Where features are the same for both sexes, three times as many male bodies as female ones were illustrated in the six anatomical textbooks and six texts studied (14% compared to 4%, while in the remaining images it was not possible to deduce the gender of the body), according to the study that will be presented by its author, María José Barral, a medicine professor at the University of Zaragoza, at the Women, Health and Gender Forum, being held today and tomorrow.

“Each body has individual features, and the more you see the more points of reference you have – this is an advantage in clinical practice,” the researcher told SINC. “We’re not dealing only with diseases, but people with diseases.”

The six North American manuals studied used male bodies in 17% of cases and female ones in 5% to illustrate “neutral body parts”, while the six European ones used male images 12% of the time and female ones only 2%.

People of Caucasian ethnicity were the only ones represented in nine of the 12 manuals (all the European ones and half the North American ones), and were in the majority in the other three. Only one of the textbooks studied showed “parity in male and female images” and represented other ethnicities, although Caucasians still predominated.

False associations

The central nervous system was presented exclusively using male bodies in the six European manuals and in one of the North American ones. There was not one female image of the lower limbs in four of the manuals (three European and one North American), nor of the upper ones in eight of them (five European and three North American).

In some books, the circulatory system was mainly illustrated in female bodies while the nervous system was presented in males, with the locomotive system equally divided. The researcher raises the question of whether this is due to thought being considered a male attribute and nutrition a female one.

“Sociocultural contamination is evident in some of the images,” she said, such as the fluctuating size of women’s bodies in line with changing fashions, or the representation of social stereotypes.

Most of the hands illustrated are male. Barral asks whether this is intended to show that “manipulation, a sign of our species’ evolution” is a male feature.

“Medical research in terms of the diagnosis, treatment and prevention of diseases has been focused on this model of white, heterosexual men, who are a minority on this planet, and this does not reflect true diversity,” the researcher said.

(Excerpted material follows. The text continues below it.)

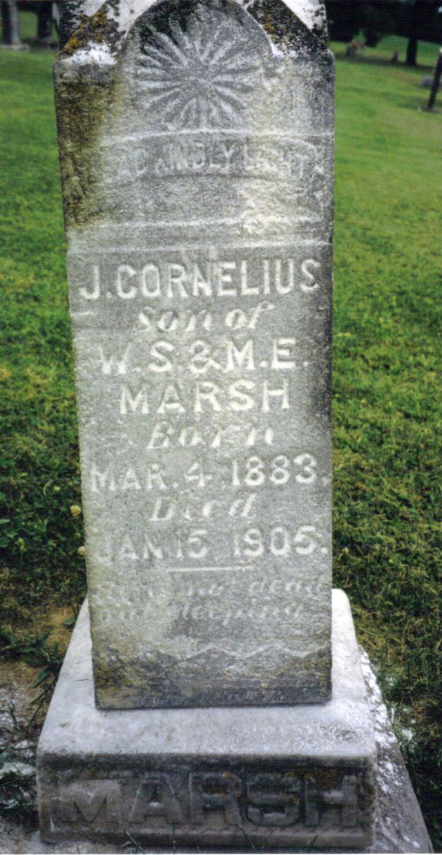 MARSH, J. Cornelius b. 4 Marsh 1883 d. 15 January 1905 son of William S. and Mollie E. Marsh “He is not dead, only sleeping”
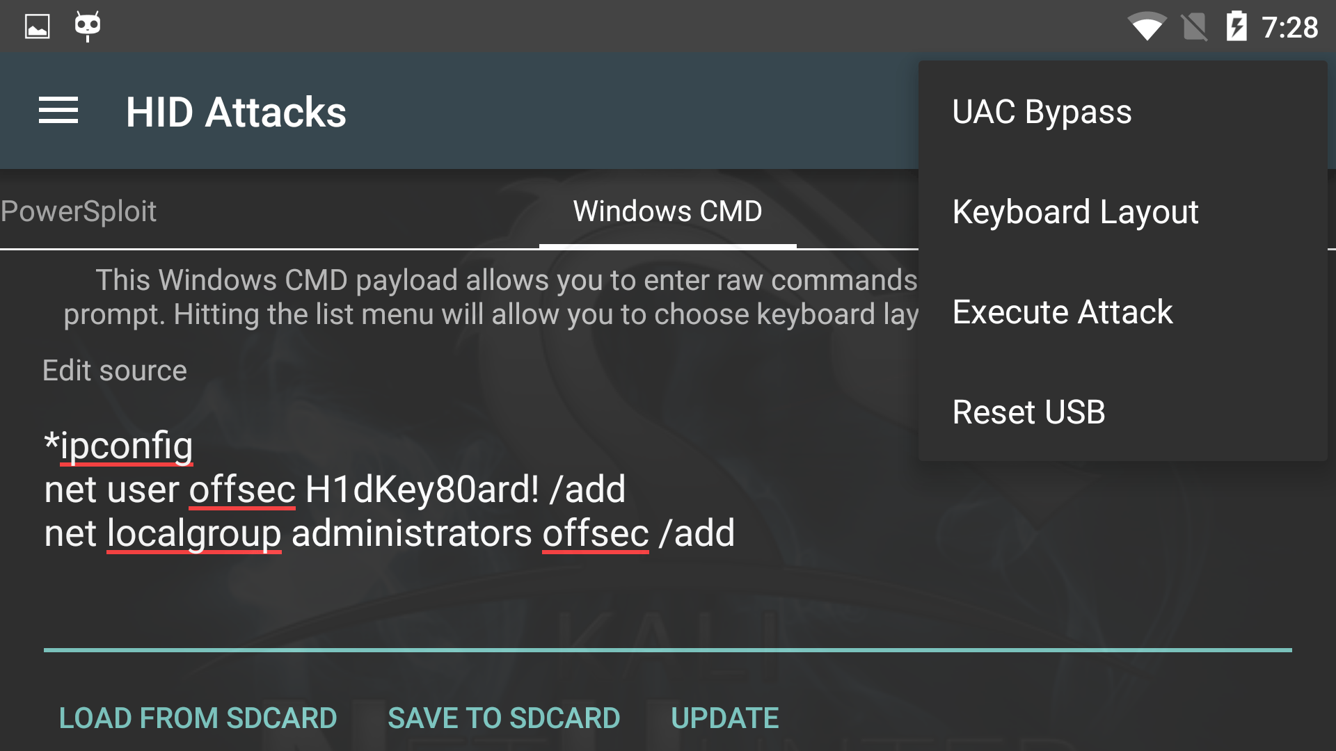 The NetHunter HID Attacks turn your device and its OTG USB cable into a pre-programmed keyboard, able to type any given commands. Previously, only “Teensy” type devices were able to do this… but no longer! This attack generally works very well. However, if it becomes non-responsive, simply select Reset USB from the menu to freshen up the USB stack.

The scientist says many of the doses for pharmaceutical drugs have been calculated using this body model as a basis, without taking differences into account, and that this is only now being corrected. “You are prescribed a dose for another body,” she stressed. “Using only one body type as a model and treating the rest as variations is dangerous for health,” she told SINC.

Dismantling male/ female dichotomies

The researcher also points out that using female bodies to illustrate body parts that are identical in both sexes is a recent development. “Up until virtually the 1990s, male Caucasians were used exclusively to represent anatomical bodies, with female bodies appearing only in fragments to represent their sexual organs.”

Barral points out that these biased views persist, with an image appearing in the popular science magazine Mente y Cerebro as late as 2003 that made the female brain appear to come between that of a child and an adult male in the evolutionary process.

Biological dichotomies and stereotypical male and female sexual behaviour are omnipresent in scientific texts, even though the scientific evidence does not support this, since diversity is the norm in nature, says the researcher.

Barral explains that when these dichotomies arise, the hierarchisation of “more and less evolved” also tend to appear, and that such biases become increasingly radicalised between the original research to the point where it appears in the manuals.

The scientist concludes that the model of white, heterosexual males is described as the apex of evolution in some scientific texts.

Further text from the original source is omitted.